MANILA — Interior Secretary Eduardo Año on Wednesday expressed his support to punish policemen involved in heinous crimes with death penalty if it is revived.
In an interview on ABS-CBN's TeleRadyo, Año said he was disappointed to hear crimes committed by uniformed personnel, such as that of the Tarlac murders that shocked the nation days before Christmas.
The "highest punishment" should be meted out for such crimes, he added.
“Hindi ako talaga natutuwa na itong mga pulis natin na nagpapatupad ng batas ay siya pa ang gagawa ng mga gan'yang karumaldumal na krimen. Sabi ko nga, kung ibabalik ang death penalty, dapat isama yang men in uniform na gumagawa ng heinous crimes,” the DILG chief said.

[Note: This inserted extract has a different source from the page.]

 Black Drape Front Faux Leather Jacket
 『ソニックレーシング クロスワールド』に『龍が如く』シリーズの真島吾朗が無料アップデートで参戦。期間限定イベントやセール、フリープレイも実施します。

(I am not happy that our policemen, who are supposed to implement the law, are the ones involved in brutal crimes. I said before that if the death penalty be revived, we should include men in uniform who commit heinous crimes.)
Members of the police force involved in heinous crimes betray their sworn duty to protect Filipinos, he pointed out.

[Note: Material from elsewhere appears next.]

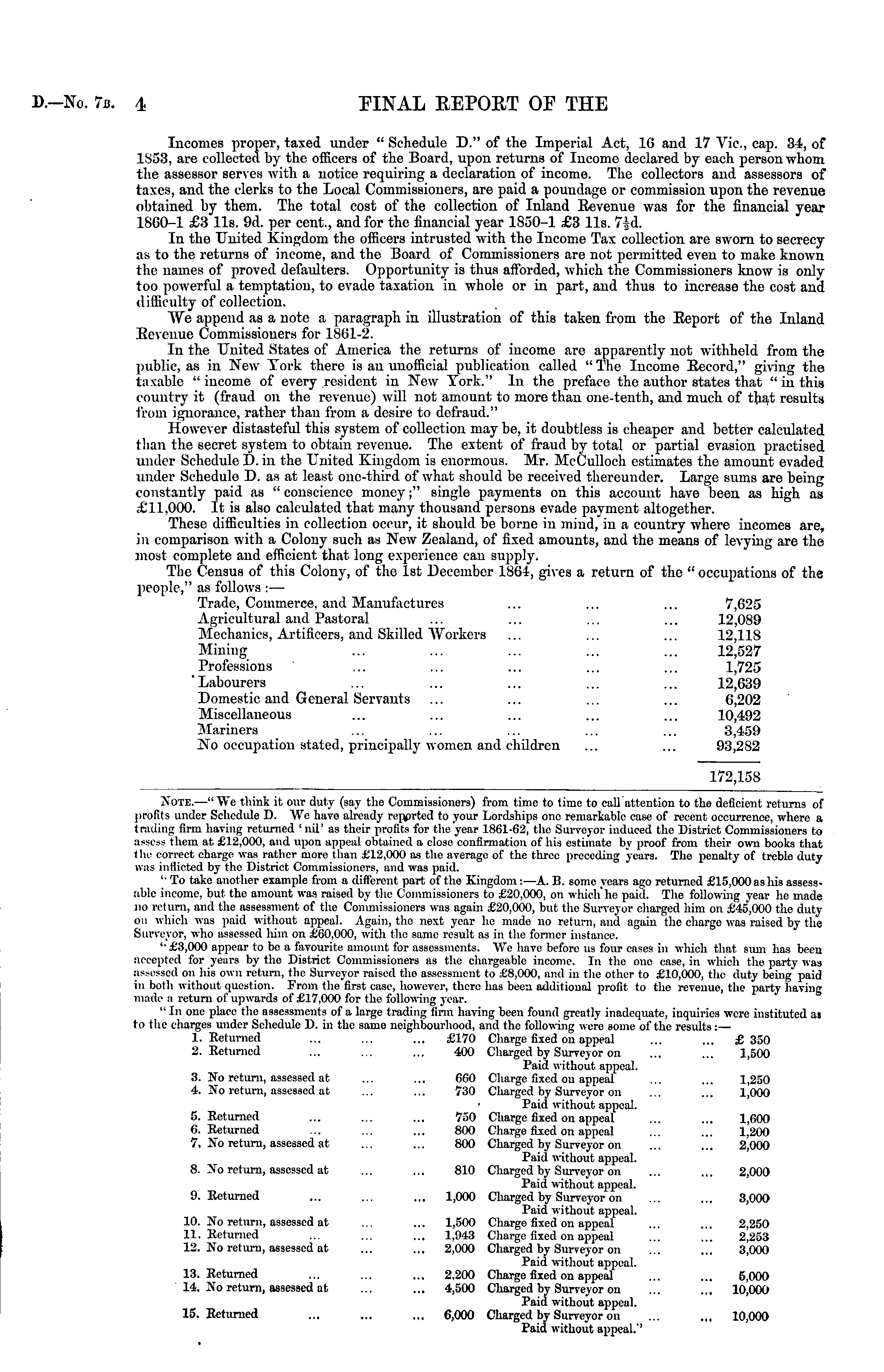 Incomes proper, taxed under " Schedule D." of the Imperial Act, 16 and 17 Vie, cap. 34, of 1553, are collected by the officers of the Board, upon returns of Income declared by each person whom the assessor serves with a notice requiring a declaration of income. The collectors and assessors of taxes, and the clerks to the Local Commissioners, are paid a poundage or commission upon the revenue obtained by them. The total cost of the collection of Inland Kevenue was for the financial year ISGO-1 £3 11s. 9d. per cent., and for the financial year ISSO-1 £3 11s. 7-J-d. In the United Kingdom the officers intrusted with the Income Tax collection are sworn to secrecy as to the returns of income, and the Board of Commissioners are not permitted even to make known the names of proved defaulters. Opportunity is thus afforded, which the Commissioners know is only too powerful a temptation, to evade taxation in whole or in part, and thus to increase the cost and difficulty of collection. We append as a note a paragraph in illustration of this taken from the Report of the Inland Eevenue Commissioners for 1861-2. In the United States of America the returns of income are apparently not withheld from the public, as in New York there is an unofficial publication called " The Income Record," giving the taxable " income of every resident in New York." In the preface the author states that "in this country it (fraud on the revenue) will not amount to more than one-tenth, and much of that results from ignorance, rather than from a desire to defraud." However distasteful this system of collection may be, it doubtless is cheaper and better calculated than the secret system to obtain revenue. The extent of fraud by total or partial evasion practised under Schedule D. in the United Kingdom is enormous. Mr. McCulloch estimates the amount evaded under Schedule D. as at least one-third of what should be received thereunder. Large sums are being constantly paid as " conscience money;" single payments on this account have been as high as £11,000. It is also calculated that many thousand persons evade payment altogether. These difficulties in collection occur, it should be borne in mind, in a country where incomes are, in comparison with a Colony such as New Zealand, of fixed amounts, and the means of levying are the most complete and efficient that long experience can supply. The Census of this Colony, of the Ist December 1864, gives a return of the " occupations of the people," as follows : — Trade, Commerce, and Manufactures ... ... ... 7,625 Agricultural and Pastoral ... ... ... ... 12,089 Mechanics, Artificers, and Skilled Workers ... ... ... 12,118 Mining ... ... ... ... ... 12,527 Professions ... ... ... ... ... 1,725 "Labourers ... ... ... ... ... 12,639 Domestic and General Servants ... ... ... ... 6,202 Miscellaneous ... ... ... ... ... 10,492 Mariners ... ... ... ... ... 3,459 No occupation stated, principally women and children ... ... 93,282 172,158 >"ote. —" We think it our duty (say the Commissioners) from time to time to call attention to the deficient returns of profits under Schedule D. We have already repprted to your Lordships one remarkable case of recent occurrence, where a trading firm having returned : nil' as their profits for the year 1861-62, the Surveyor induced the District Commissioners to assess them at £12,000, and upon appeal obtained a close confirmation of his estimate by proof from their own books that the correct charge was rather more ihan £12,000 as the average of the three preceding years. The penalty of treble duty m inflicted by the District Commissioners, and was paid. '■ To take anot her example from a different part of the Kingdom:—A. B. some years ago returned £15,000 as his assessable income, but the amount was raised by the Commissioners to £20,000, on which'ho paid. The following year he made no return, and the assessment of the Commissioners was again £20,000, but the Surveyor charged him on £45,000 the duty on which was paid without appeal. Again, tho next year he made no return, and again the charge was raised by the Surveyor, who assessed him on £60,000, witli the same result as in the former instance. ''£3,000 appear to he a favourite amount for assessments. We have before us four cases in which that sum has been aooepted for yours by the District Commissioners as the chargeable income. In the one case, in which tho party was assessed on his onn return, the Surveyor raised tho assessment to £8,000, and in the other to £10,000, the duty being paid in both without question. From the first case, however, there has been additional profit to the revenue, the party having made a return of upward* of £17,000 for the following year. ''In one place the assessments of a large trading firm having been found greatly inadequate, inquiries were instituted as to the charges under Schedule D. in the same neighbourhood, and the following were some of the results:— 1. Returned ... ... ... £170 Charge fixed on appeal ... ... £350 2. Returned ... ... ... 400 Charged by Surveyor on ... ... 1,500 Paid without appeal. 3. No return, assessed at ... ... 6GO Charge fixed on appeal ... ... 1,250 4. No return, assessed at ... ... 730 Charged by Surveyor on ... ... 1,000 Paid without appeal. 5. Returned ... ... ... 730 Charge fixed on appeal ... ... 1,600 6. Returned ... ... ... 800 Charge fixed on appeal ... ... 1,200 7. No return, assessed at ... ... 800 Charged by Surveyor on ... ... 2,000 Paid without appeal. 8. No return, assessed at ... ... 810 Charged by Surveyor on ... ... 2,000 Paid without appeal. 9. Returned ... ... ... 1,000 Charged by Surveyor on ... ... 3,000 Paid without appeal. 10. No return, assessed at ... ... 1,500 Charge fixed on appeal ... ... 2,250 11. Returned ... ... ... 1,943 Charge fixed on appeal ... ... 2,253 12. So return, assessed at ... ... 2,000 Charged by Surveyor on ... ... 3,000 Paid without appeal. 13. Returned ... ... ... 2,200 Charg

“Betrayal of sworn duty yan, betrayal of your badge yan. Parang kabaligtaran yung ginawa mo na dapat ikaw ang nagpapatupad ng kaayusan, ng batas,” he said.
(That is a betrayal of sworn duty, betrayal of badge. What you did is contrary to your duty of implementing law and order.)
Año said he hopes the death penalty bill would be passed swiftly to deter heinous crimes.
“Susuportahan natin 'yan at sana mas mabilis na maipasa yan. Tayo lang naman halos ang bansa dito sa Asia na walang death penalty lalo na sa larangan ng illegal drugs. Kailangan natin 'yan para mas lalong sumunod ang mga tao sa batas,” he said.
(We will support it so it could be passed swiftly. It is only our country that has no death penalty in Asia, most especially in punishing people involved with illegal drugs. We need that to make sure people would follow the law.)
“Para sa hanay ng ating men in uniform, mabigyan ng importansya kung anong role talaga nila sa ating pagseserbisyo para sa bayan,” he added.
(For our men in uniform, this would ensure that they would know their role in providing service to our nation.)
The revival of the death penalty was among Duterte's campaign promises in 2016, when he began pushing for the eradication of drug syndicates in the country.
Death penalty was initially allowed in the Philippines through Republic Act 7659 signed in 1993 by then President Fidel Ramos, but its imposition was abolished by a law in 2006 under the presidency of Gloria Macapagal-Arroyo, a devout Catholic.
According to a survey data from the Free Legal Assistance Group in May 2004, as quoted by the position paper of the Liberal Party in 2017, “an overwhelming number of death penalty inmates belong to the poorest of the poor.”
The political party also said that reimposing the death penalty in the Philippines would have damaging consequences, since the country’s justice system remains faulty.
Meanwhile, Año said the DILG already implemented thorough screening and review of each policeman's profile who had previous cases so they could be included in programs to reform them.
Police Staff Sgt. Jonel Nuezca, a policeman assigned at the Paranaque City police crime laboratory, shot dead last Sunday his unarmed neighbors in Paniqui, Tarlac, where he resides with his family, after a quarrel allegedly over the victims' use of an improvised cannon.